For arthritis (inflammation of the joints), and other conditions of the joints, cartilage or related areas, there are several nutraceuticals that can help alleviate pain and discomfort. These have the potential to replace, or at least help reduce, the use of more aggressive drug therapies. They are known for their extremely safe action, and in most cases are relatively inexpensive.

In some cases, there is now some data in the literature that suggests that several different nutraceutical approaches are beneficial in the treatment of cartilage and joint disorders. However, there remains some conflicting opinions on the efficacy of certain products, and this makes it imperative to discuss any products you are considering with your physician who will be able to offer you advice based on the current evidence available.

Nutraceuticals have the potential to compliment the other treatment options available in the toolbox for treating a broad range of cartilage and joint problems. It has the potential to be combined with non-operative intervention such as mainstream drug therapies, physical therapy, lifestyle changes (weight, diet) and management of other co-existing conditions, as well as with surgical procedures.

Intended audience

This article is intended for anyone suffering from damage to their articular cartilage and their families who would like to find out about nutraceuticals, as well as anyone interested in cartilage problems.

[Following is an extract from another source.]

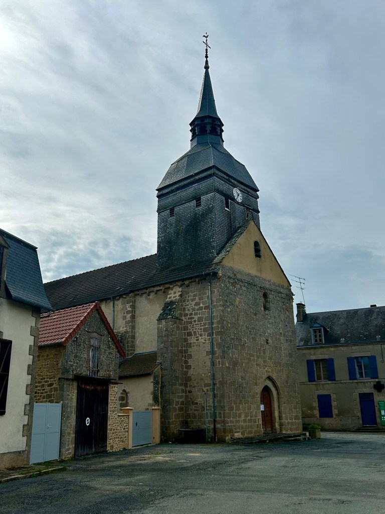 Bonnat. Église Saint-Sylvain avec des vestiges des fortifications du 14e siècle.

What are the common neutraceuticals for arthritis, joint and cartilage problems?

Of the neutraceuticals currently available, glucosamine, chondroitin, S-adenosylmethionine (SAMe) and Avocado Soybean Unsaponifiables (ASU) have been the most carefully assessed with considerable amount of scientific and clinical usage data, as well as safety profile.

Glucosamine and chondroitin

Glucosamine and chondroitin are found naturally in the body and serve as important building blocks for the extracellular matrix (ECM), which is a spongy foundation that cells in the body attach to and form different tissues. Dietary supplementation for cartilage and joint disorders has therefore attracted a great deal of attention in recent years.

Glucosamine supplements themselves are usually derived from various compound forms of glucosamine (sulfate, hydrochloride, etc.) found in shellfish, which should be taken into account if you are allergic to shellfish or have other dietary restrictions. However, shellfish-free varieties have recently become available. Chondroitin is currently only derived from animal or fish products; again, it is important to consider your own dietary restrictions.

A number of studies have examined the potential benefits of both supplements, taken either individually or in combination, in reducing pain and inflammation in the joints. These studies have also tried to determine if these products provide any short- or long-term benefits in terms of pain, function and also the structural integrity of the joint. Thus far the literature has been inconsistent in terms of reported effects. Some systematic reviews and meta-analyses of high quality studies have shown that glucosamine and chondroitin, taken either individually or combined, provided significant improvements in terms of pain, function and disease modification as compared to placebo. While other studies have found no significant differences. Furthermore, one of the best studies on the effects of these neutraceuticals on people with knee osteoarthritis, “the multicenter, double-blind, placebo- and celecoxib-controlled glucosamine/chondroitin Arthritis Intervention Trial (GAIT) “ that was published in the well respected New England Journal of Medicine showed that glucosamine and chondroitin sulfate, taken alone or in combination, did not significantly reduce pain. However, subgroup analysis did show that the combination of glucosamine and chondroitin sulfate might be effective in treating patients with moderate-to-severe knee pain. The recent OARSI guidelines provided the following recommendations for glucosamine: “uncertain” for symptomatic pain relief and the “not appropriate” for diseases modification. Similarly, the guidelines for chondroitin were “uncertain” for symptomatic pain relief and “not appropriate” for disease modification.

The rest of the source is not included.